• _EXERCISE INPUTS_
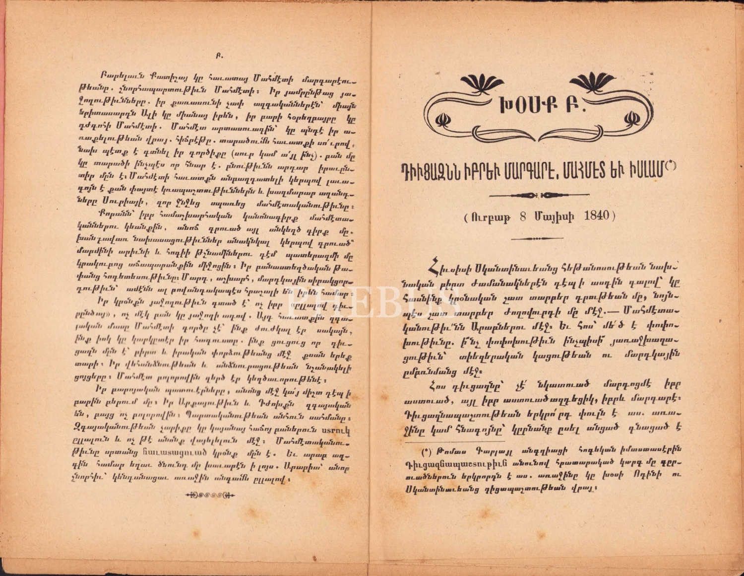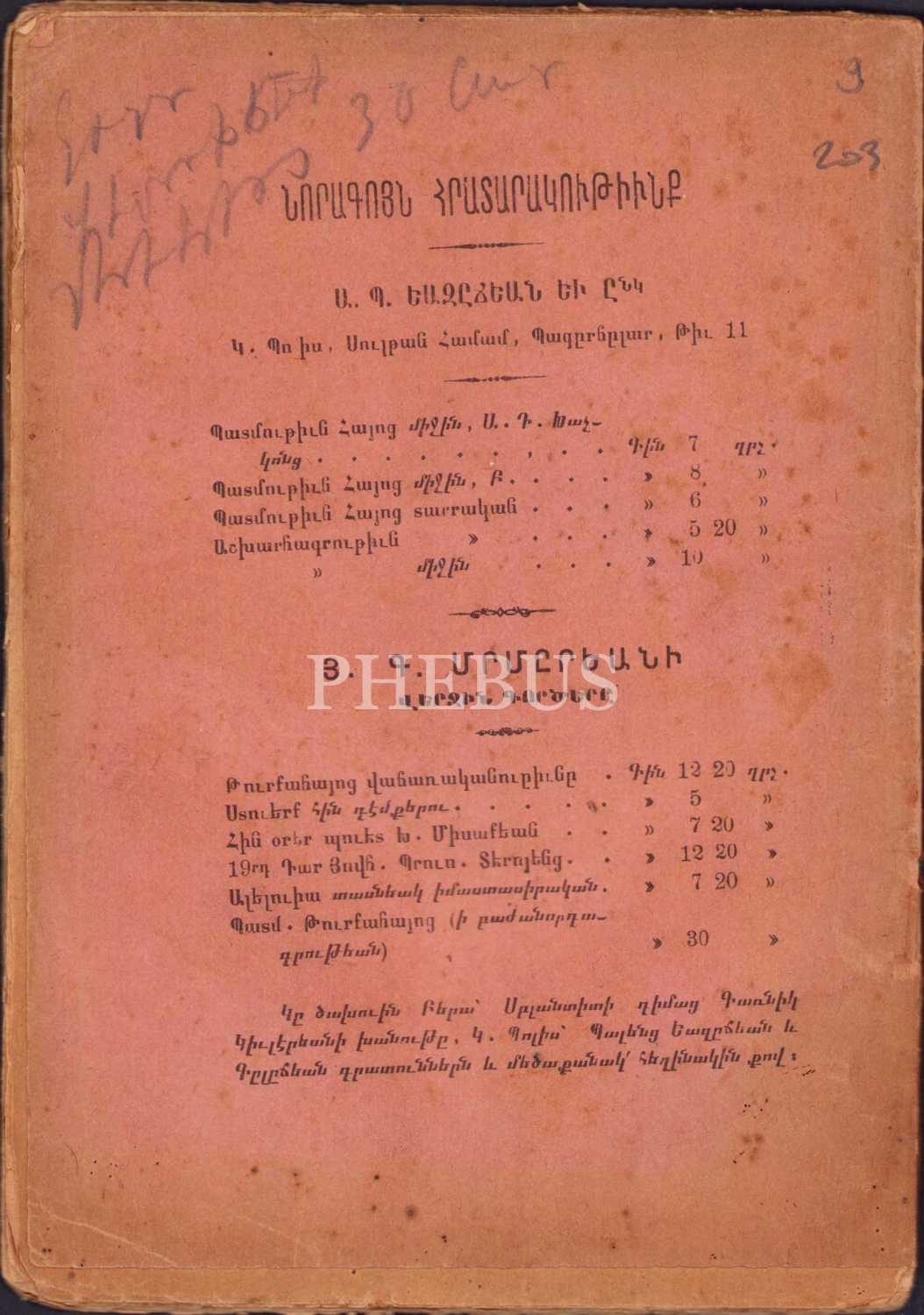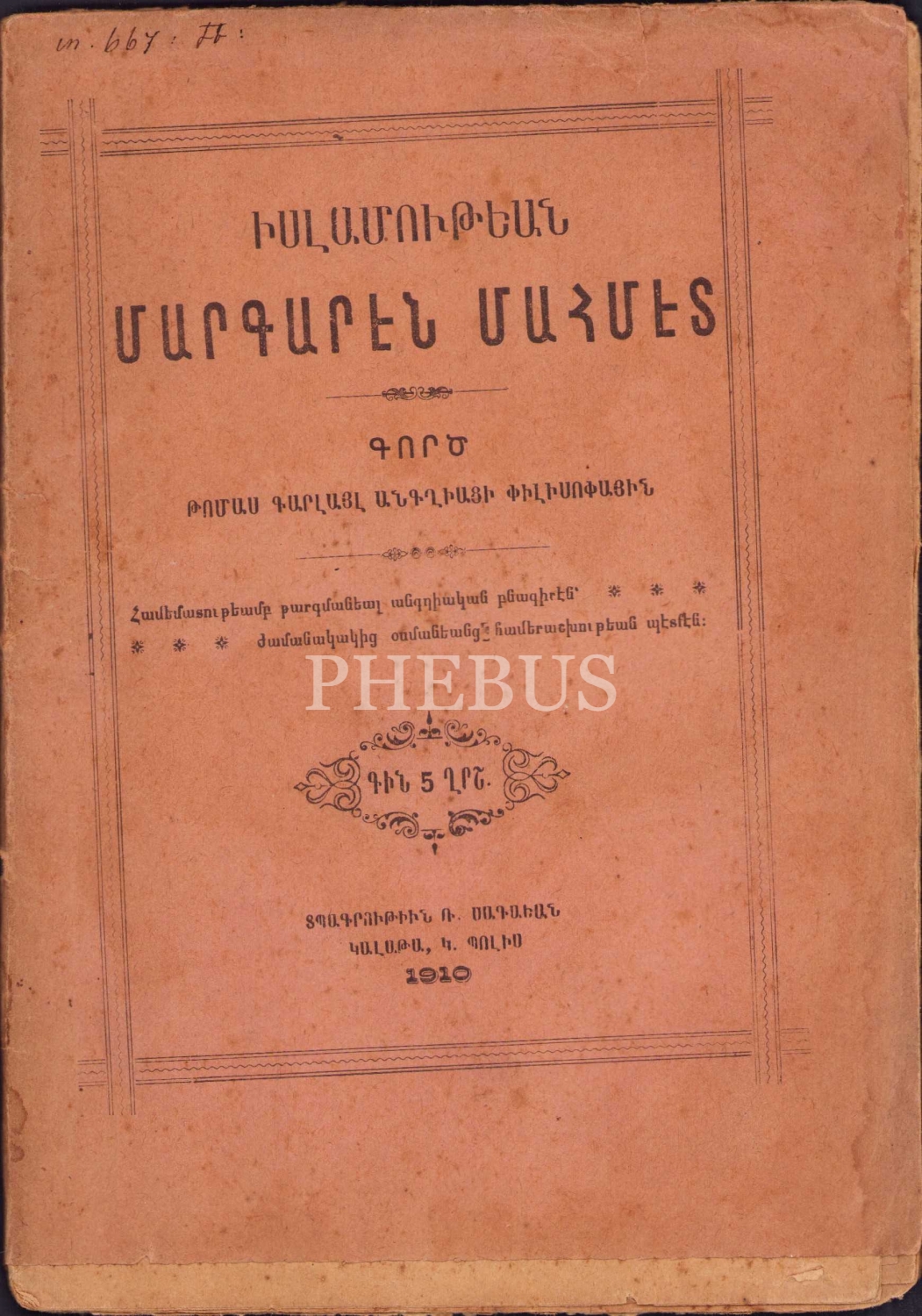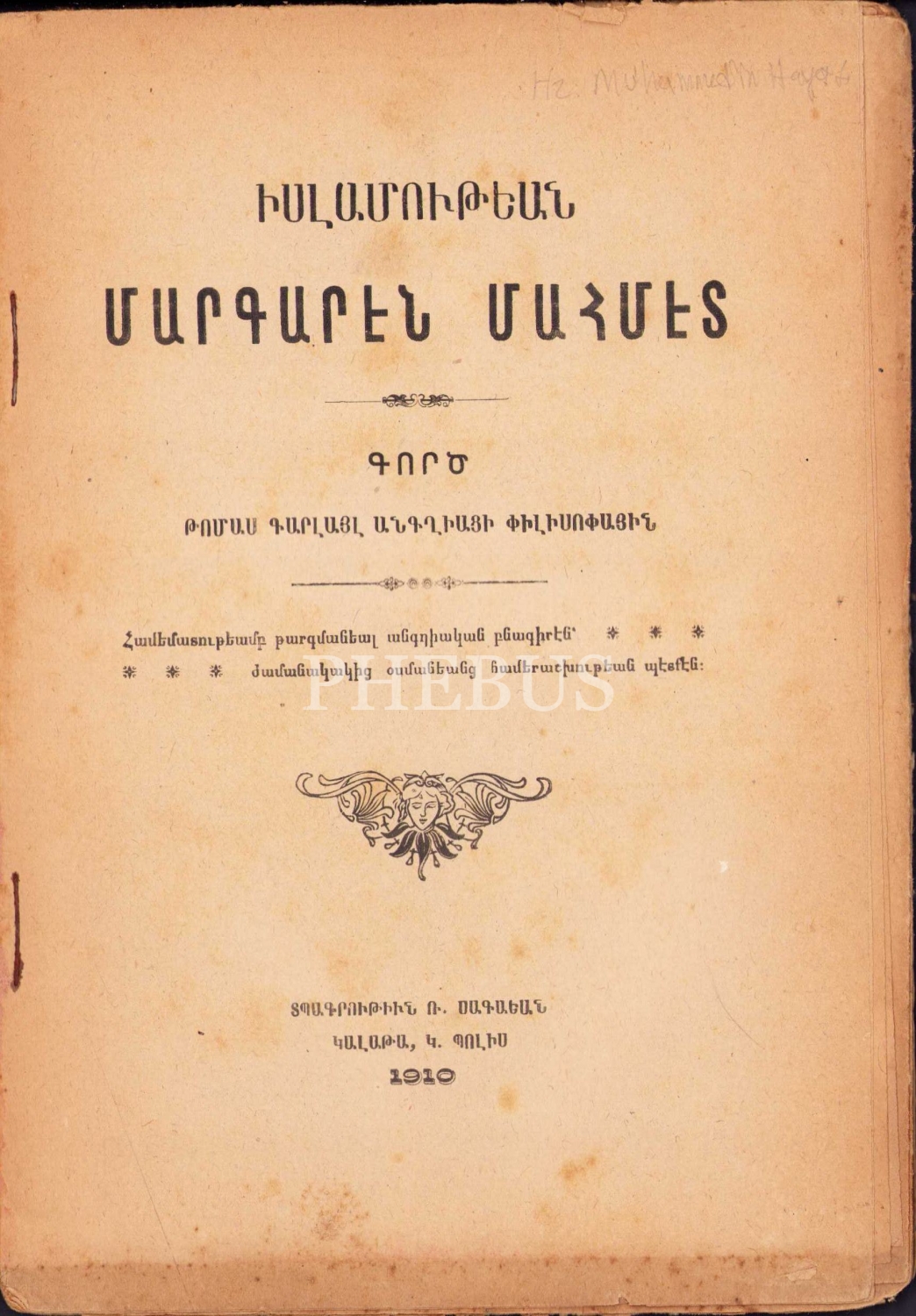 Hz. Muhammed'in hayatı ile alakalı Ermenice eser, İstanbul baskı, 1910 baskı, 71 sayfa, 15x22 cm
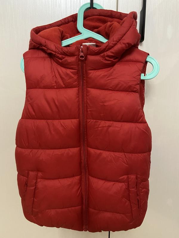 Продам жилетку « универсальную» подойдет как для мальчика так и для девочки. Цвет красный. В середине подкладка на флисе, очень тёплая. Замочек работает. Есть два кармана. Состояние новой. Размер 116
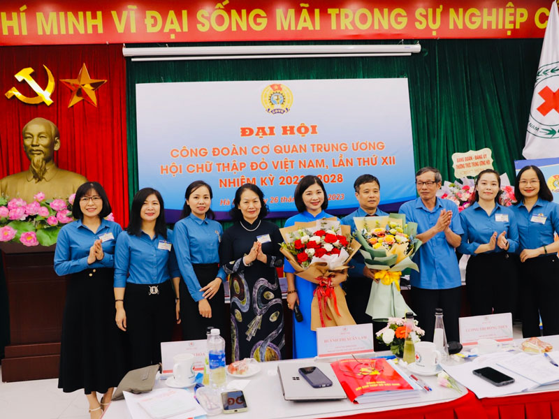 Sáng ngày 26/5, tại Hà Nội, Công đoàn Cơ quan Trung ương Hội Chữ thập đỏ Việt Nam long trọng tổ chức Đại hội Công đoàn Cơ quan Trung ương Hội Chữ thập đỏ Việt Nam lần thứ XII, nhiệm kỳ 2023-2028. Tham dự Đại hội có đồng chí Bùi Thị Hòa – Bí thư Đảng đoàn, Chủ tịch Trung ương Hội; Đồng chí Huỳnh Thị Xuân Lam – Phó Bí thư Đảng Đoàn, Phó Chủ tịch Trung ương Hội; Đồng chí Vũ Thanh Lưu – Phó Chủ tịch Trung ương Hội (dự trực tuyến tại điểm cầu thành phố Hồ Chí Minh); Đồng chí Phạm Văn Quân – Ủy viên Ban Thường vụ, Trưởng ban chính sách và Quan hệ lao động Công đoàn Viên chức Việt Nam và 93/107 đoàn viên Công đoàn cơ quan Trung ương Hội.
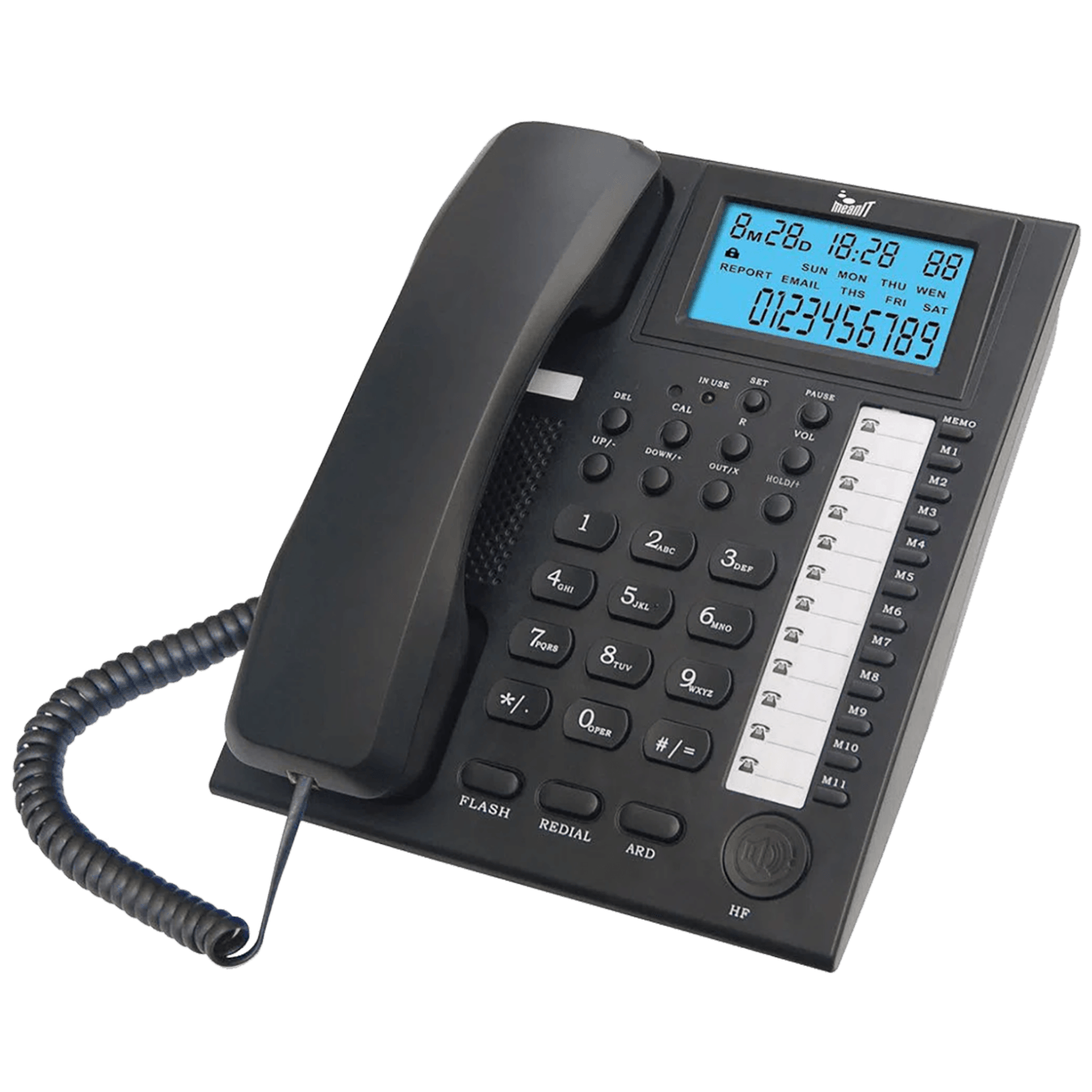 Analogni stolni telefon, žičani, Osvjetljeni LCD zaslon, tonsko / pulsno biranje, memoriranje do 50 dolaznih brojeva, memoriranje do 15 odlaznih brojeva, prikaz broja , datuma i vremena poziva, brzo biranje, memoriranje 11 brojeva na brzo biranje, funkcija zadržavanja poziva, Handsfree, ponovno biranje broja Garancija: 12 mjeseci
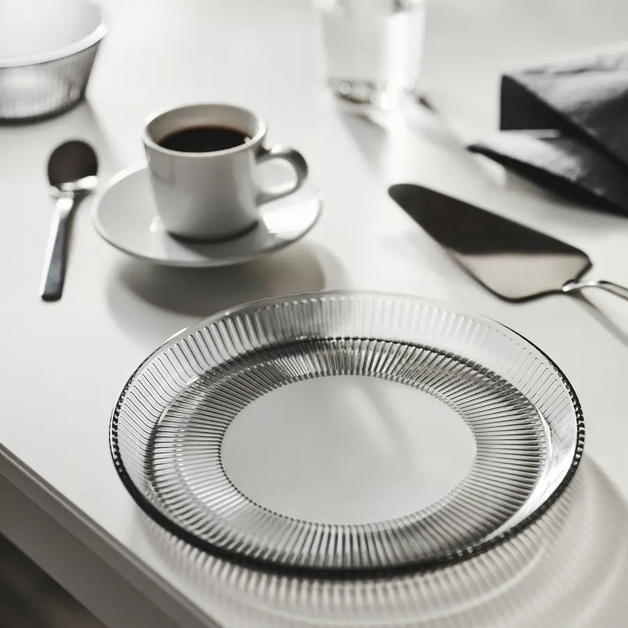 سرویس غذاخوری HAVSGÄDDA را به میز خود بیاورید تا جلوهای چشمنواز و دلپذیر بیافریند! خطوط ظریف آن بازتابی زیبا در شیشه ایجاد میکنند و در کنار سایر ظروف، هماهنگی شیک و جذابی میسازند. رنگ خاکستری نیز با لمس ظرافت و وقار، جلوهای خاص به چیدمان شما میبخشد.
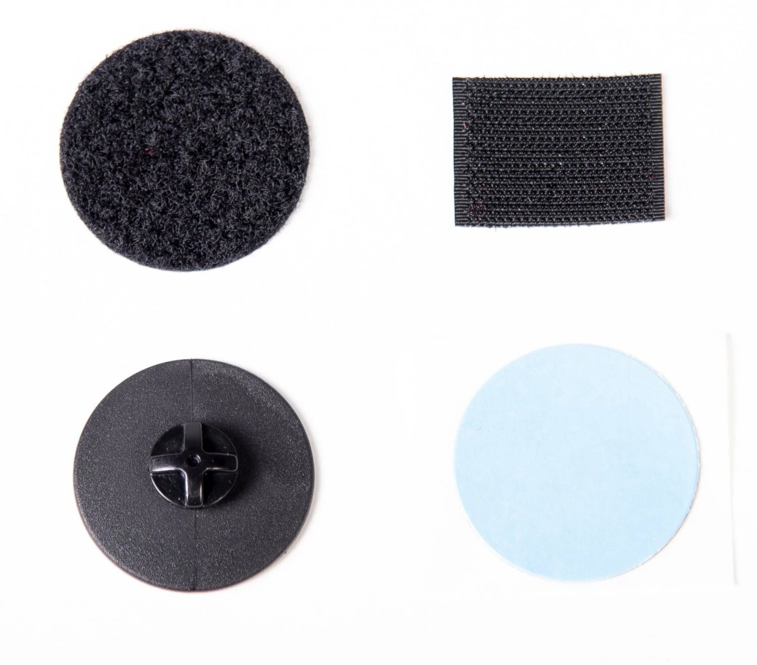 All the pieces you need to remount your complete Quick Strap System: hook-and-loop closure, plastic swivel button and adhesive

• _TASK ITEM_
Print the records verbatim, without pictures.

• _OUTPUT FOR THIS TASK_
 Hz. Muhammed'in hayatı ile alakalı Ermenice eser, İstanbul baskı, 1910 baskı, 71 sayfa, 15x22 cm
 Продам жилетку « универсальную» подойдет как для мальчика так и для девочки. Цвет красный. В середине подкладка на флисе, очень тёплая. Замочек работает. Есть два кармана. Состояние новой. Размер 116
 Sáng ngày 26/5, tại Hà Nội, Công đoàn Cơ quan Trung ương Hội Chữ thập đỏ Việt Nam long trọng tổ chức Đại hội Công đoàn Cơ quan Trung ương Hội Chữ thập đỏ Việt Nam lần thứ XII, nhiệm kỳ 2023-2028. Tham dự Đại hội có đồng chí Bùi Thị Hòa – Bí thư Đảng đoàn, Chủ tịch Trung ương Hội; Đồng chí Huỳnh Thị Xuân Lam – Phó Bí thư Đảng Đoàn, Phó Chủ tịch Trung ương Hội; Đồng chí Vũ Thanh Lưu – Phó Chủ tịch Trung ương Hội (dự trực tuyến tại điểm cầu thành phố Hồ Chí Minh); Đồng chí Phạm Văn Quân – Ủy viên Ban Thường vụ, Trưởng ban chính sách và Quan hệ lao động Công đoàn Viên chức Việt Nam và 93/107 đoàn viên Công đoàn cơ quan Trung ương Hội.
 Analogni stolni telefon, žičani, Osvjetljeni LCD zaslon, tonsko / pulsno biranje, memoriranje do 50 dolaznih brojeva, memoriranje do 15 odlaznih brojeva, prikaz broja , datuma i vremena poziva, brzo biranje, memoriranje 11 brojeva na brzo biranje, funkcija zadržavanja poziva, Handsfree, ponovno biranje broja Garancija: 12 mjeseci
 سرویس غذاخوری HAVSGÄDDA را به میز خود بیاورید تا جلوهای چشمنواز و دلپذیر بیافریند! خطوط ظریف آن بازتابی زیبا در شیشه ایجاد میکنند و در کنار سایر ظروف، هماهنگی شیک و جذابی میسازند. رنگ خاکستری نیز با لمس ظرافت و وقار، جلوهای خاص به چیدمان شما میبخشد.
 All the pieces you need to remount your complete Quick Strap System: hook-and-loop closure, plastic swivel button and adhesive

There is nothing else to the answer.